For the parameter “parsers”, just as we have discussed, parsers[0] is the parser will be used for the first column in text template file, parsers[1] is the parser will be used for the second column, ...etc. The last one(parsers[parsers.length-1]) will be used for all other columns start from parsers.length-1.

With those new APIs, it is simple for you to implement your own value parser. Here is the example:

class MyParser0 implements ICustomParser

{

private java.text.Format[] formats;

private String[] patterns;

private java.text.ParsePosition parsePos = new java.text.ParsePosition(0);

private int index;

public MyParser(java.text.Format[] formats, String[] patterns)

{

this.formats = formats;

this.patterns = patterns;

}

public Object parseObject(String value)

{

index = -1;

final int pos = value.length();

for(int i=0; i<formats.length; i++)

{

parsePos.setIndex(0);

Object v = formats[i].parseObject(value, parsePos);

if(parsePos.getIndex() == pos)

{

index = i;

return v;

}

return null; //return null to let Cells component try other built-in parsers to parse this value.
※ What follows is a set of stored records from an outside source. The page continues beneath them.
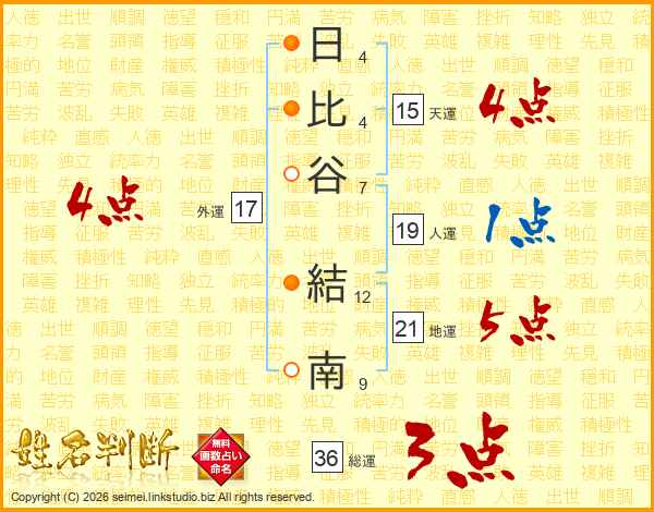 日比谷結南さんの地運は21画の5点!
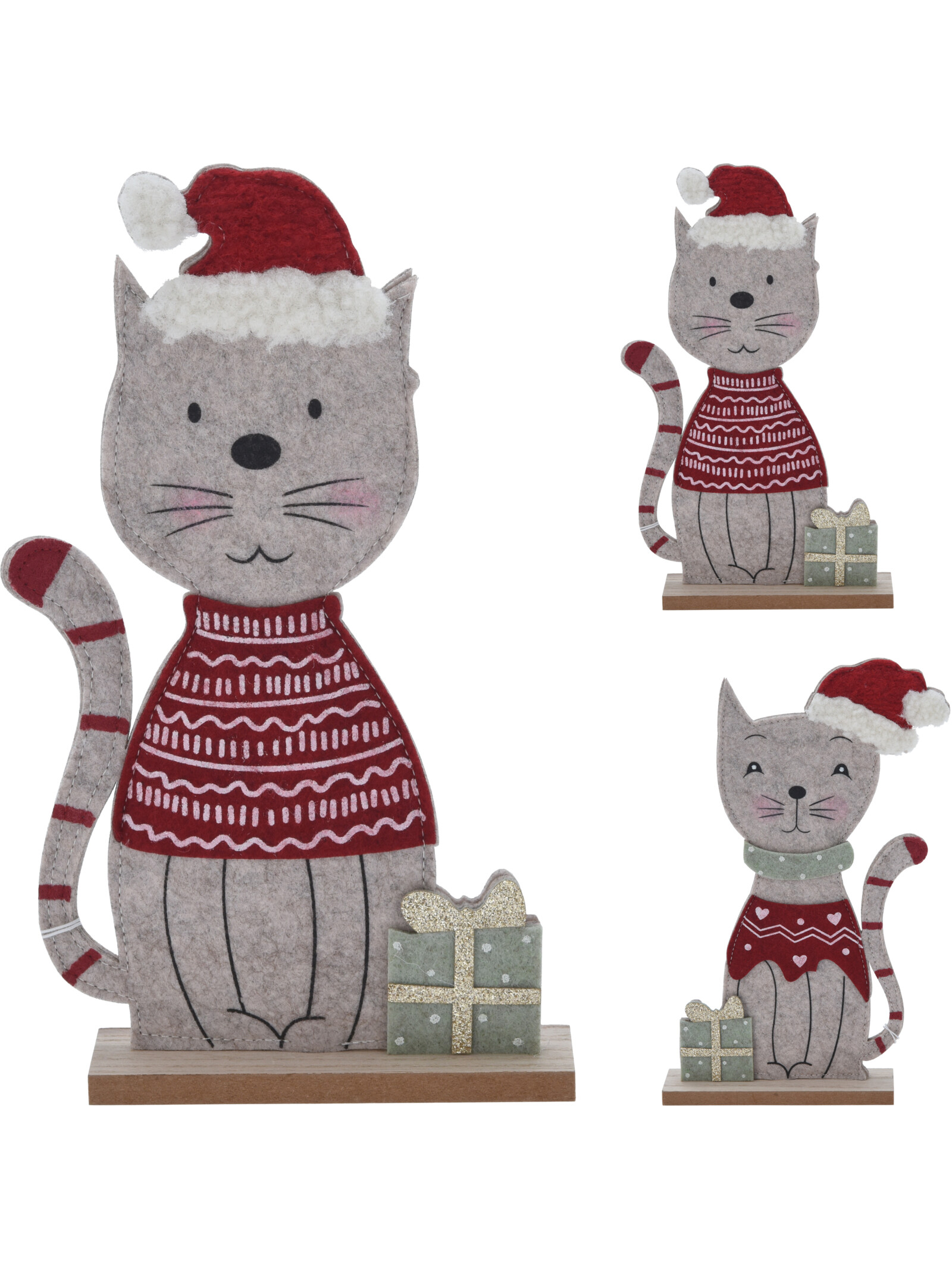 Χριστουγεννιάτικη διακοσμητική γατούλα με σκουφάκι με ύψος 27cm
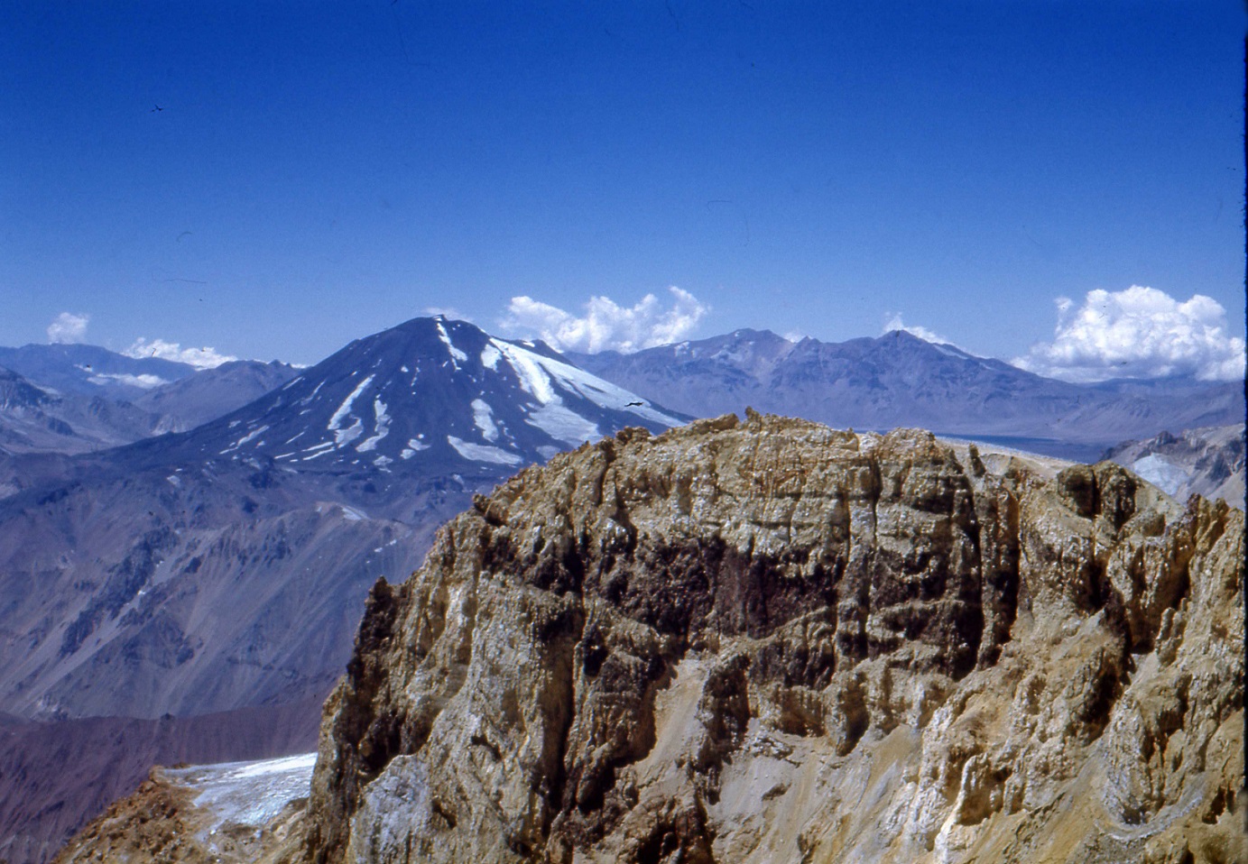 Por la misma ruta del día anterior llegamos al filo principal, donde tomamos a la izquierda. Hay muchos penitentes para atravesar hasta alcanzar la Cumbre Central de los Picos del Barros 5150m. También erigimos una pirca dejando un tarro con los documentos de la Primera Ascensión. La vista en todos los alrededores es espléndida. Pasamos por el Campamento II y bajamos al Campamento I.
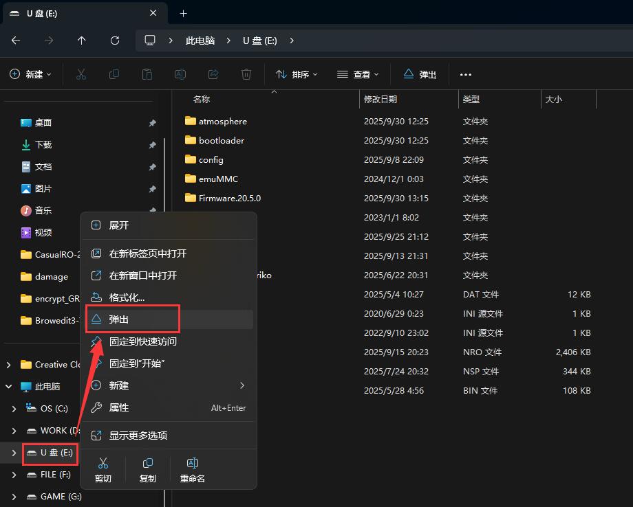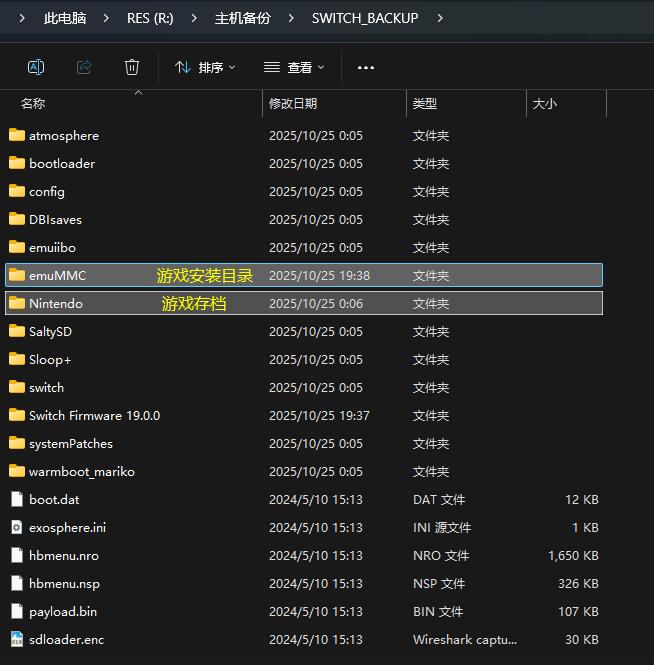 emuMMC: 已安装的游戏存储目录Nintendo: 已玩过的游戏存档目录
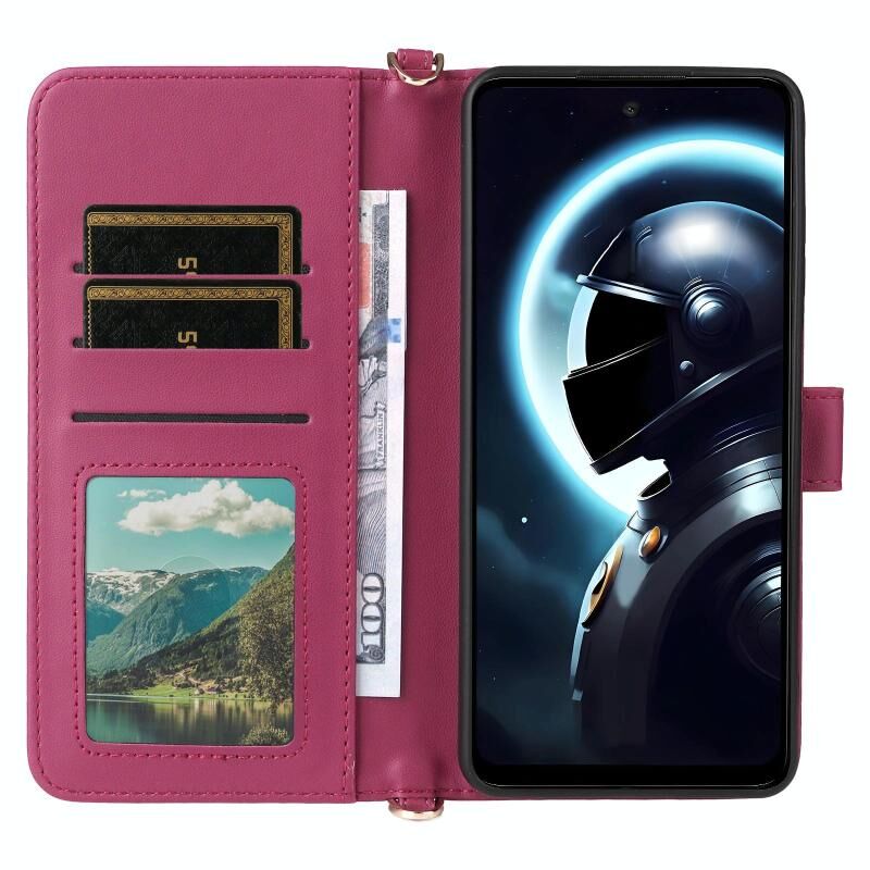 Θήκη τηλεφώνου από δέρμα με 6 υποδοχές καρτών και λουρί καρπού για HMD Pulse / Pulse Pro / Pulse+ (Ροζ)
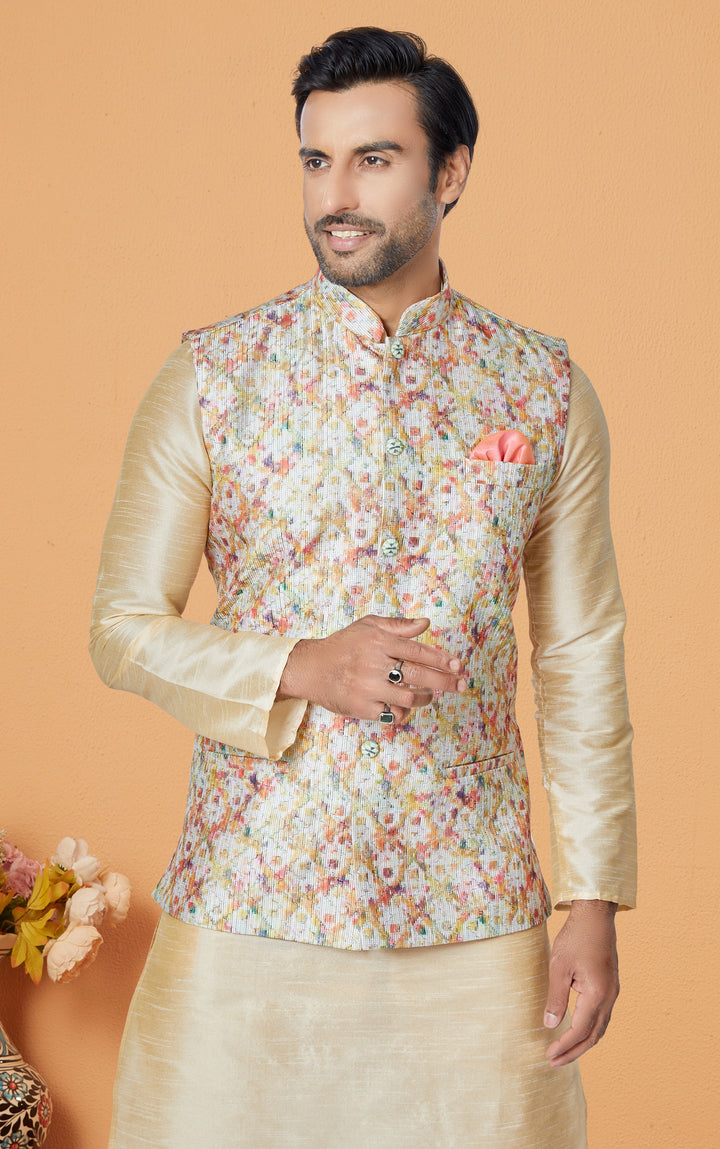 Embrace vibrant festivity with this elegant beige kurta pyjama set paired with a pastel floral waistcoat. Made from premium art silk, the kurta and pyjama offer a graceful, lustrous finish. The Nehru-style waistcoat features soft peach-pink floral prints with a subtle shimmer and an accent pocket square — perfect for ceremonies with a romantic or celebratory vibe.
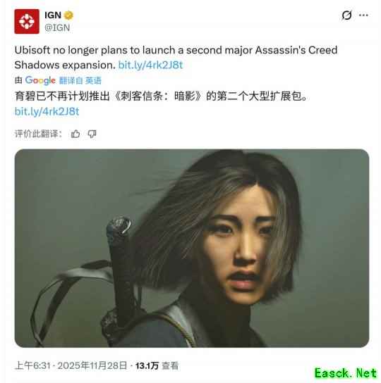 展望《刺客信条:影》,育碧仍计划推出后续内容。工作室打算保持“小规模、响应式”的更新策略,测试玩家对这种后续支持方式的反馈。
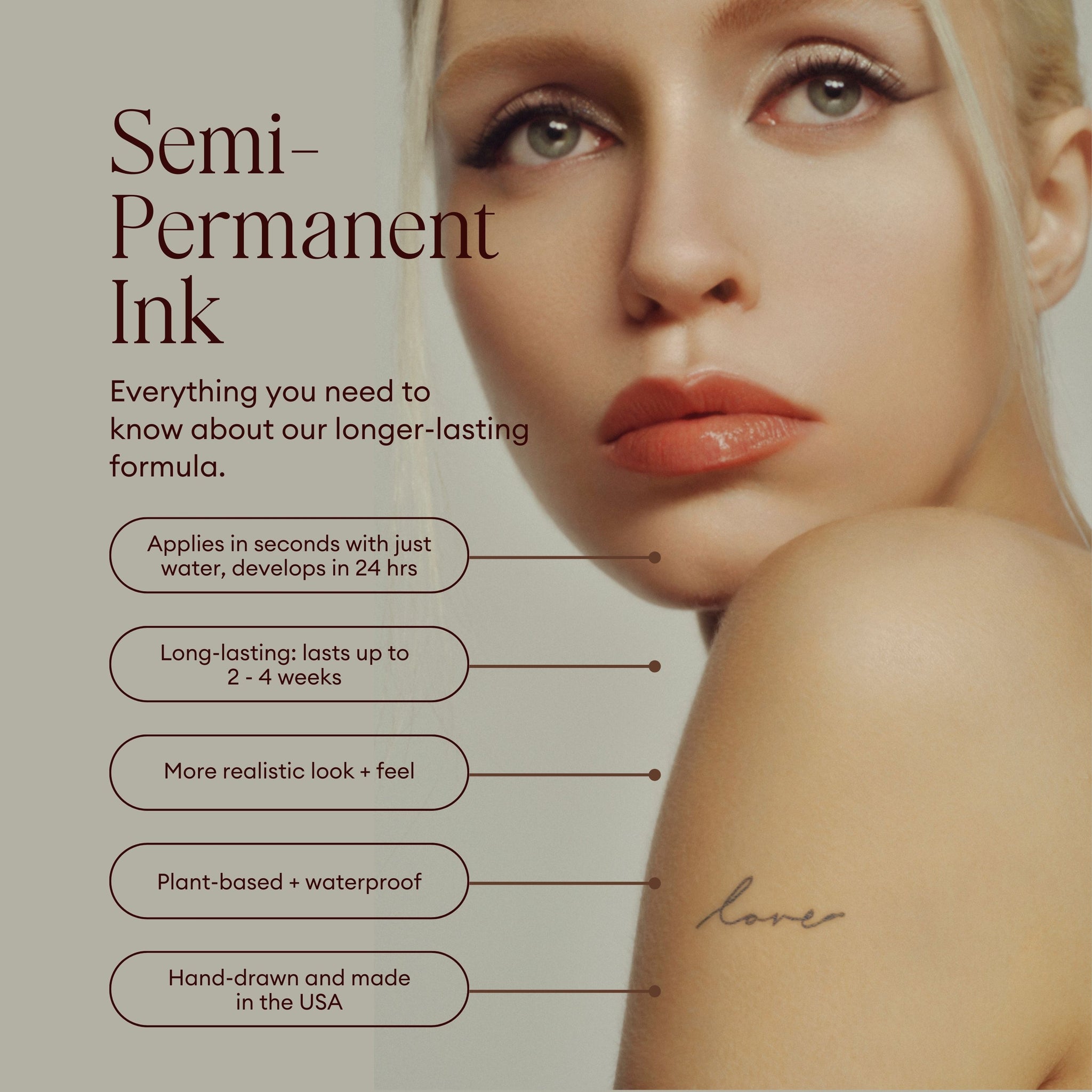 INTRODUCING SEMI-PERMANENT LONGER LASTING TATTOOS: With up to a 2 - 4 week lasting time, and an even more realistic look and feel, we’re so excited to bring you the biggest innovation in the semi-permanent tattoo space.

To keep given value as string for the cell, here can return the value itself

}

public String getFormat()

{

if(index > -1 && patterns != null && index < patterns.length)

{

return patterns[index];

}

return null;

}

spygordon · November 23, 2011, 5:40am

Thank you very much, this looks really cool!

Best Regards

Claes

aspose.notifier · December 20, 2011, 5:06am

The issues you have found earlier (filed as CELLSJAVA-40037;CELLSJAVA-40037) have been fixed in this update.

This message was posted using Notification2Forum from Downloads module by aspose.notifier.